Extracted data below:
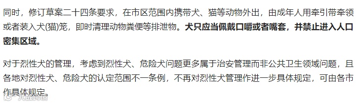 其实在宠物犬的相关规定中(例如各个地方的文明养犬条例),小编能查到的大多数安全措施都是以遛狗牵绳和犬类防疫(注射疫苗)为主,当然也是有部分地区的确有规定遛狗需要带嘴套,例如,2018年通过的《广东省爱国卫生工作条例(修订草案修改二稿)》中就有此类规定。
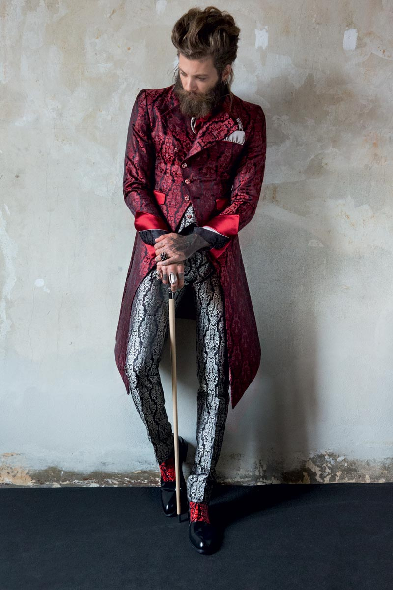 Immergiti nella bellezza del disegno attraverso i sottili intrecci del broccato 100% seta del disegno rosso rubino su sfondi nero inchiostro dell’abito da cerimonia uomo, arricchito da raso rosso rubino 100% su patte tasche, taschino e interno polso.
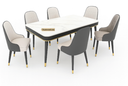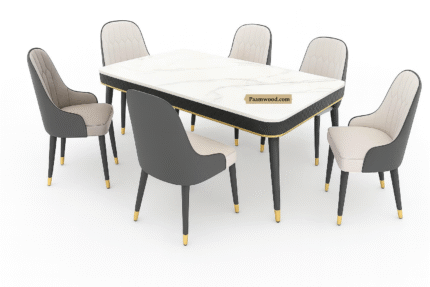PAAM WOOD 6-Seater Dining Table with Marble Top and White Charcoal Louvers base | Includes 6 Fabric Upholstered Chairs (GRAY)
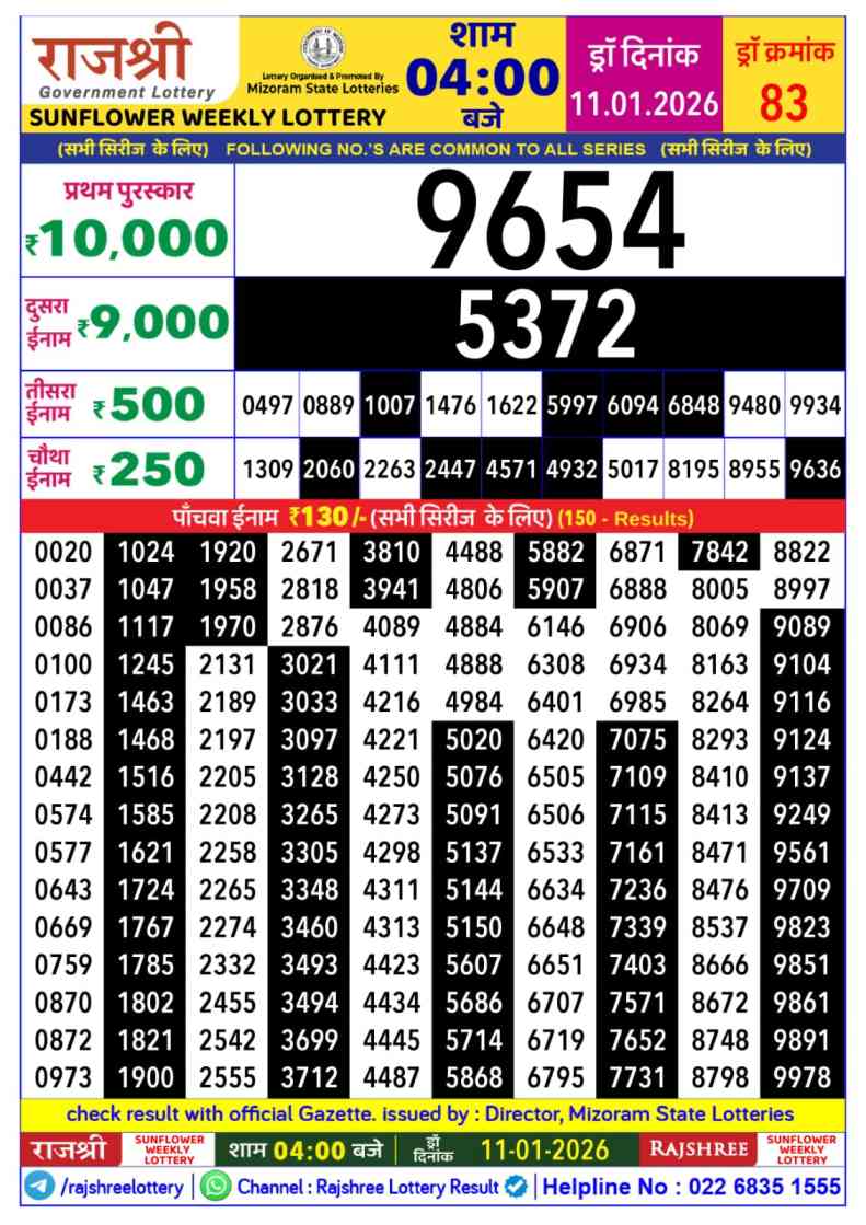 Download Mizoram Rajshree Lottery Sunflower ravi 11.1.2026 Today 04:00PM Result from here. Mizoram Rajshree Sunflower Weekly Lottery Result Important Lottery of Mizoram Rajshree which is legally operated by the Rajshree Government there. You are satisfied to Get The Result of Sunflower ravi weekly Lottery at 004:00PM on this webpost Today’s Lottery Result of Mizoram Rajshree Lottery 04:00PM is published here.
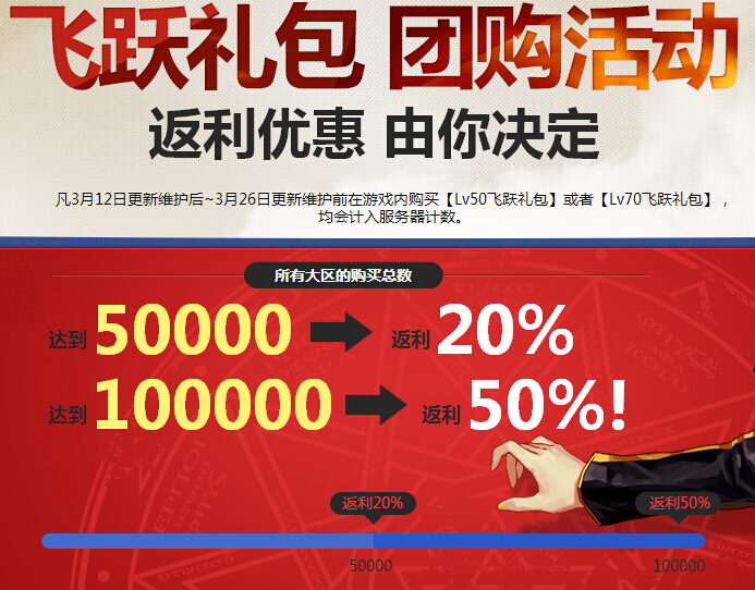 现在【Lv50飞跃礼包】和【Lv70飞跃礼包】的团购总量已满足返还50%代币券的条件,所有已经购买和即将购买两种飞跃礼包的勇士,在4月9日停机维护后,将统一收到我们发放的返利代币。
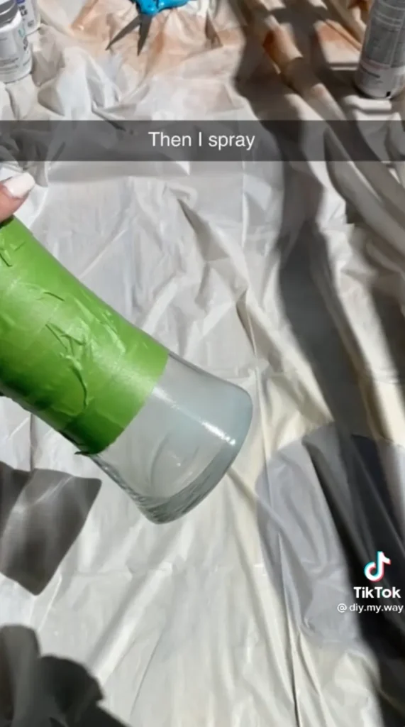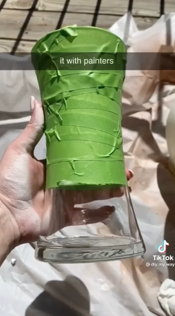 Na tento projekt budete potrebovať len úplné základy. Zoberte si sklenenú vázu, maliarsku pásku a sprejovú farbu podľa vlastného výberu. Odporúčam tiež základný náter a tesniaci prostriedok.
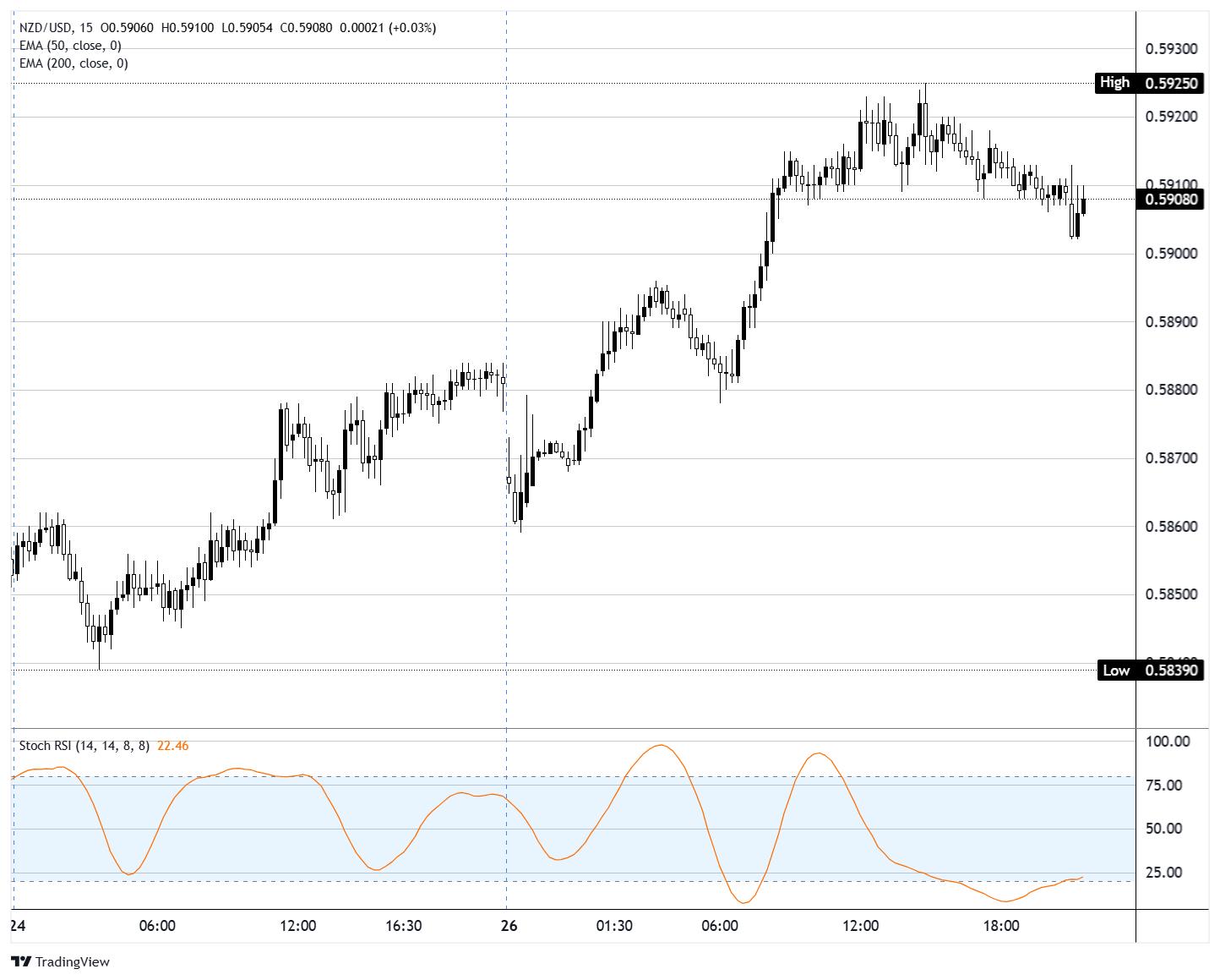 纽元/美元周一小幅上涨约0.4%,收于接近0.5905,但在上周反弹受阻的0.5925区域下方停滞。该货币对被困在短期区间的上限,动能在0.5900关口附近减弱,买家难以延续反弹。自4月初低点0.5680以来,日线图继续显示更高的低点,但本月早些时候的区间高点显示出疲态。
End of Extracted data.
» **Activity**
Give the records above again verbatim, pictures omitted.

» **Result**
 其实在宠物犬的相关规定中(例如各个地方的文明养犬条例),小编能查到的大多数安全措施都是以遛狗牵绳和犬类防疫(注射疫苗)为主,当然也是有部分地区的确有规定遛狗需要带嘴套,例如,2018年通过的《广东省爱国卫生工作条例(修订草案修改二稿)》中就有此类规定。
 Immergiti nella bellezza del disegno attraverso i sottili intrecci del broccato 100% seta del disegno rosso rubino su sfondi nero inchiostro dell’abito da cerimonia uomo, arricchito da raso rosso rubino 100% su patte tasche, taschino e interno polso.
PAAM WOOD 6-Seater Dining Table with Marble Top and White Charcoal Louvers base | Includes 6 Fabric Upholstered Chairs (GRAY)
 Download Mizoram Rajshree Lottery Sunflower ravi 11.1.2026 Today 04:00PM Result from here. Mizoram Rajshree Sunflower Weekly Lottery Result Important Lottery of Mizoram Rajshree which is legally operated by the Rajshree Government there. You are satisfied to Get The Result of Sunflower ravi weekly Lottery at 004:00PM on this webpost Today’s Lottery Result of Mizoram Rajshree Lottery 04:00PM is published here.
 现在【Lv50飞跃礼包】和【Lv70飞跃礼包】的团购总量已满足返还50%代币券的条件,所有已经购买和即将购买两种飞跃礼包的勇士,在4月9日停机维护后,将统一收到我们发放的返利代币。
 Na tento projekt budete potrebovať len úplné základy. Zoberte si sklenenú vázu, maliarsku pásku a sprejovú farbu podľa vlastného výberu. Odporúčam tiež základný náter a tesniaci prostriedok.
 纽元/美元周一小幅上涨约0.4%,收于接近0.5905,但在上周反弹受阻的0.5925区域下方停滞。该货币对被困在短期区间的上限,动能在0.5900关口附近减弱,买家难以延续反弹。自4月初低点0.5680以来,日线图继续显示更高的低点,但本月早些时候的区间高点显示出疲态。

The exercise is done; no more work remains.